__WHAT TO PRODUCE__: Every line from the top of the records through the line containing "(6) 如图所示是流行于民间" should be retyped exactly; the pictures should not.

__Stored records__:
----------
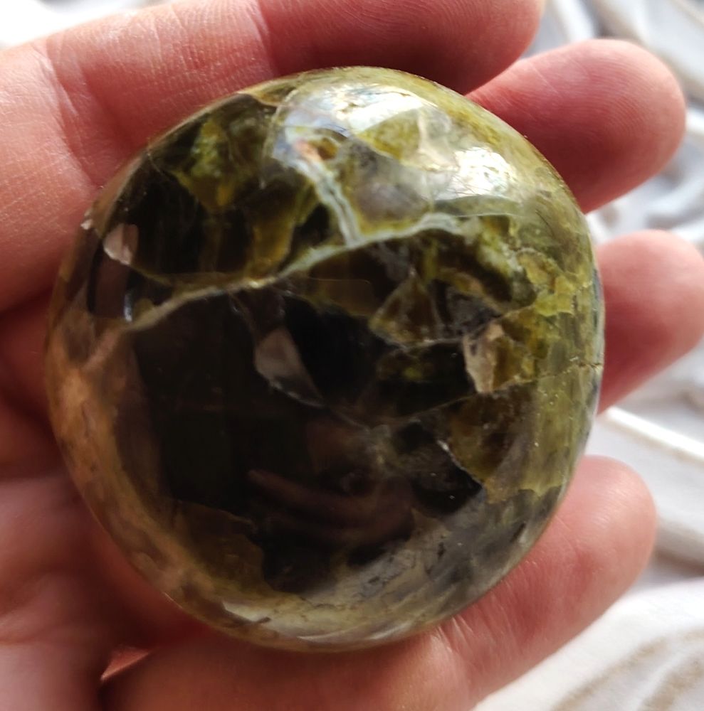 Pullea kämmenkivi, joka on pyöreähkö. Saat itsellesi kuvassa näkyvän kiven. Kiven koko: 4,5 cm x 4,5 cm, paino 84 g.
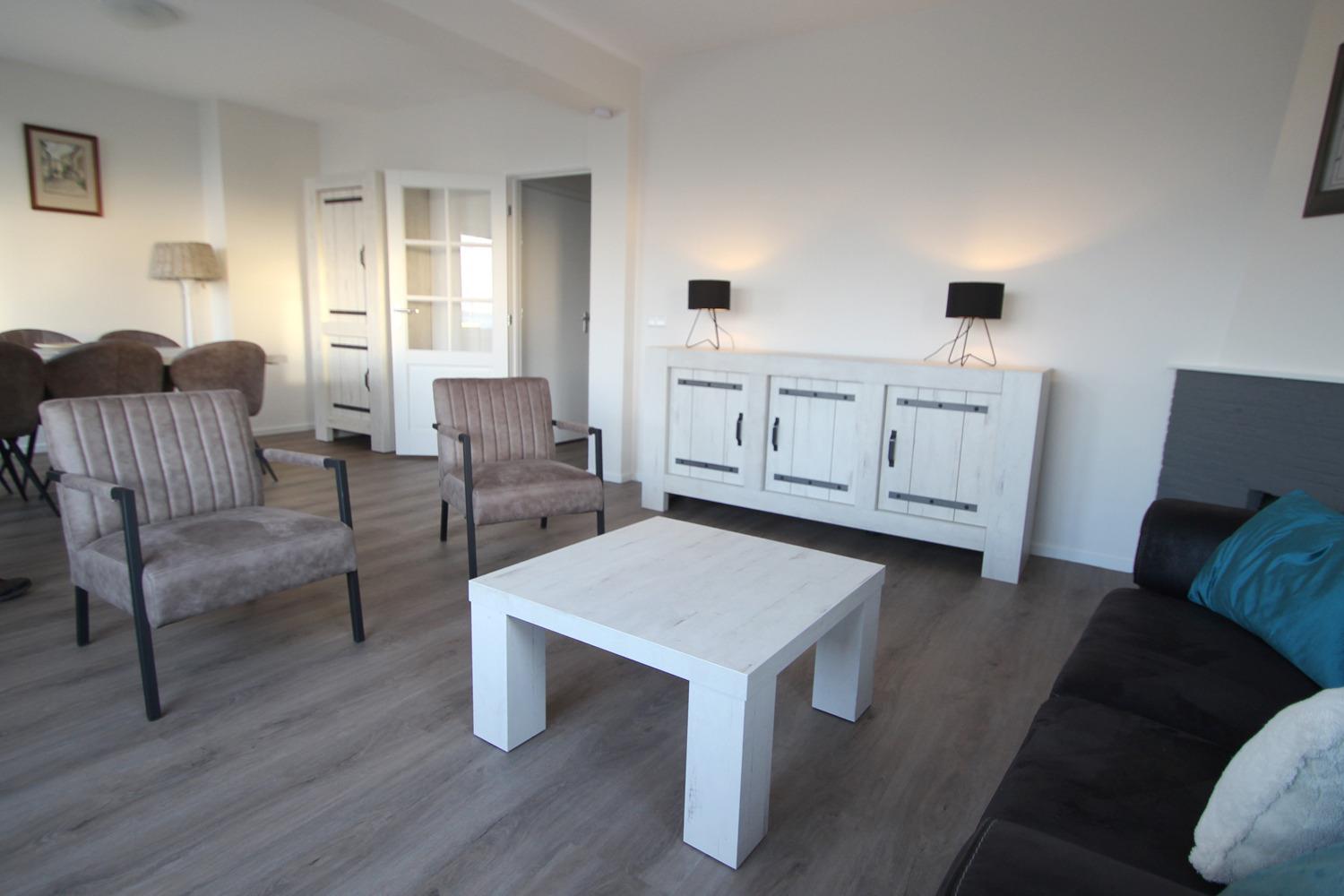 Das lichtdurchflutete Wohnzimmer ist geräumig und bietet bequeme Sitzgelegenheiten sowie einen Esstisch für vier Personen. Zwei gemütliche Schlafzimmer – eines mit einem Doppelbett, das andere mit zwei Einzelbetten – sorgen für erholsamen Schlaf. Die moderne Küche ist voll ausgestattet, inklusive Geschirrspüler. Das Badezimmer verfügt über eine Dusche und ein Waschbecken, während eine separate Toilette zusätzlichen Komfort bietet.
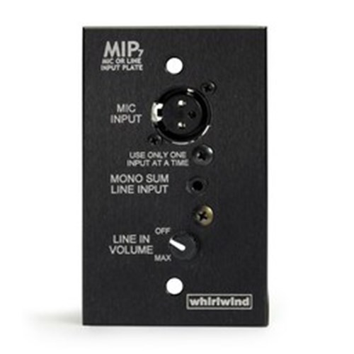 The MIP7 permits the connection of a microphone or line source to a single mic input of a remote audio processor. The mic input XLR is connected directly to the output screw terminal plug. Set the audio processor channel gain for the desired system level of the MIP7 mic output. A stereo line source can be connected to the 3.5mm TRS jack. Left and right are automatically summed to mono and applied to the line input volume control. This pot allows adjustment of the line input to avoid overdriving the mic preamp in the remote processor. Condenser mics can receive phantom power from the processor. Use only one input of the MIP7 at a time. Do not use the mic and line inputs simultaneously.
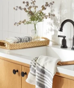 Bring organization to your bath essentials with this Natural Woven Bathroom Tray from Hearth & Handâ„¢ with Magnolia. This rectangular bath tray features an open-top design with a flat base that makes it perfect for organizing different shampoo, body wash or face wash bottles for a clutter-free look. Showcasing a rattan construction for natural flair, it’s sure to add a touch of style to your bathroom counter.
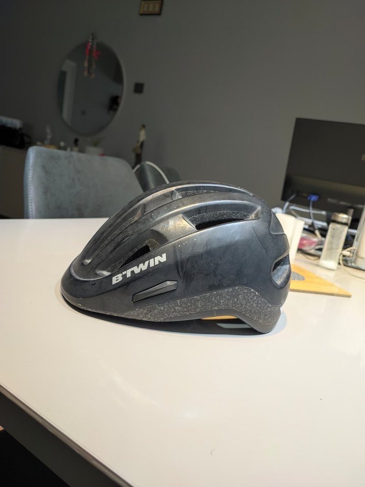 Siyah B'Twin marka, baskılı desenli, velcro bantlı, dayanıklı kauçuk malzemeden üretilmiş biker tarzı bisiklet kaskı. ️
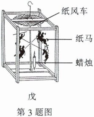 (6) 如图所示是流行于民间的“走马灯”,点燃走马灯底部的蜡烛时,燃烧产生的高温高压气体向上运动,推动纸风车和固定在转轴上的纸马转动,在此过程中
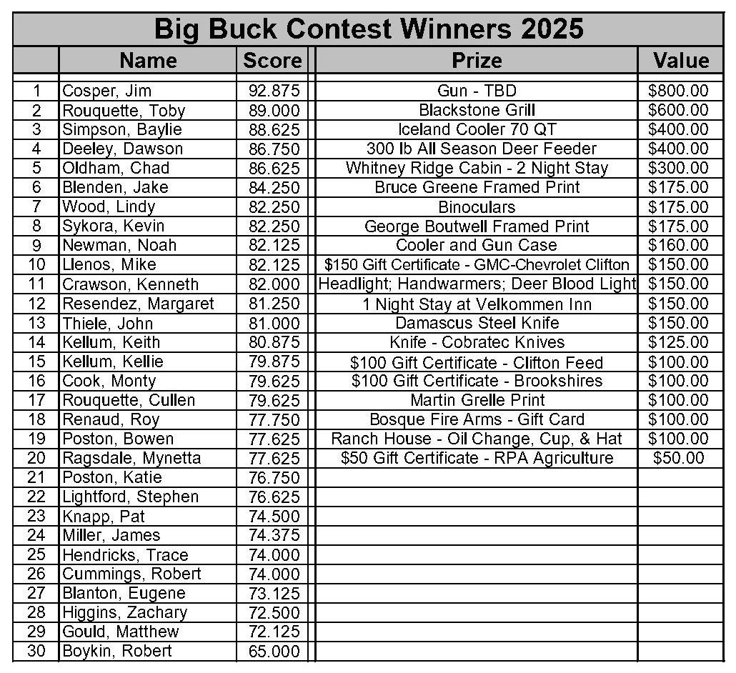 Every year, Clifton Feed and Clifton Chamber of Commerce hosts its annual Big Buck Contest. The competition features an assortment of wonderful prizes listed below. Thanks so much to each sponsor who makes this contest a success!
----------
__RESPONSE BELOW__:
 Pullea kämmenkivi, joka on pyöreähkö. Saat itsellesi kuvassa näkyvän kiven. Kiven koko: 4,5 cm x 4,5 cm, paino 84 g.
 Das lichtdurchflutete Wohnzimmer ist geräumig und bietet bequeme Sitzgelegenheiten sowie einen Esstisch für vier Personen. Zwei gemütliche Schlafzimmer – eines mit einem Doppelbett, das andere mit zwei Einzelbetten – sorgen für erholsamen Schlaf. Die moderne Küche ist voll ausgestattet, inklusive Geschirrspüler. Das Badezimmer verfügt über eine Dusche und ein Waschbecken, während eine separate Toilette zusätzlichen Komfort bietet.
 The MIP7 permits the connection of a microphone or line source to a single mic input of a remote audio processor. The mic input XLR is connected directly to the output screw terminal plug. Set the audio processor channel gain for the desired system level of the MIP7 mic output. A stereo line source can be connected to the 3.5mm TRS jack. Left and right are automatically summed to mono and applied to the line input volume control. This pot allows adjustment of the line input to avoid overdriving the mic preamp in the remote processor. Condenser mics can receive phantom power from the processor. Use only one input of the MIP7 at a time. Do not use the mic and line inputs simultaneously.
 Bring organization to your bath essentials with this Natural Woven Bathroom Tray from Hearth & Handâ„¢ with Magnolia. This rectangular bath tray features an open-top design with a flat base that makes it perfect for organizing different shampoo, body wash or face wash bottles for a clutter-free look. Showcasing a rattan construction for natural flair, it’s sure to add a touch of style to your bathroom counter.
 Siyah B'Twin marka, baskılı desenli, velcro bantlı, dayanıklı kauçuk malzemeden üretilmiş biker tarzı bisiklet kaskı. ️
 (6) 如图所示是流行于民间的“走马灯”,点燃走马灯底部的蜡烛时,燃烧产生的高温高压气体向上运动,推动纸风车和固定在转轴上的纸马转动,在此过程中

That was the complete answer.